BEGIN Listed records

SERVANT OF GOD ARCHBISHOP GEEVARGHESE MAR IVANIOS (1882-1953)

END Listed records
BEGIN Listed records

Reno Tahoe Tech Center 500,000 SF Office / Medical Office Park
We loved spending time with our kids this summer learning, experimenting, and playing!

END Listed records

■ Task brief: Set down only the lines above that fall between the line holding "Reno Tahoe Tech" and the line holding "We loved spending", inclusive, keeping each exact.

■ Output of the exercise:
Reno Tahoe Tech Center 500,000 SF Office / Medical Office Park
We loved spending time with our kids this summer learning, experimenting, and playing!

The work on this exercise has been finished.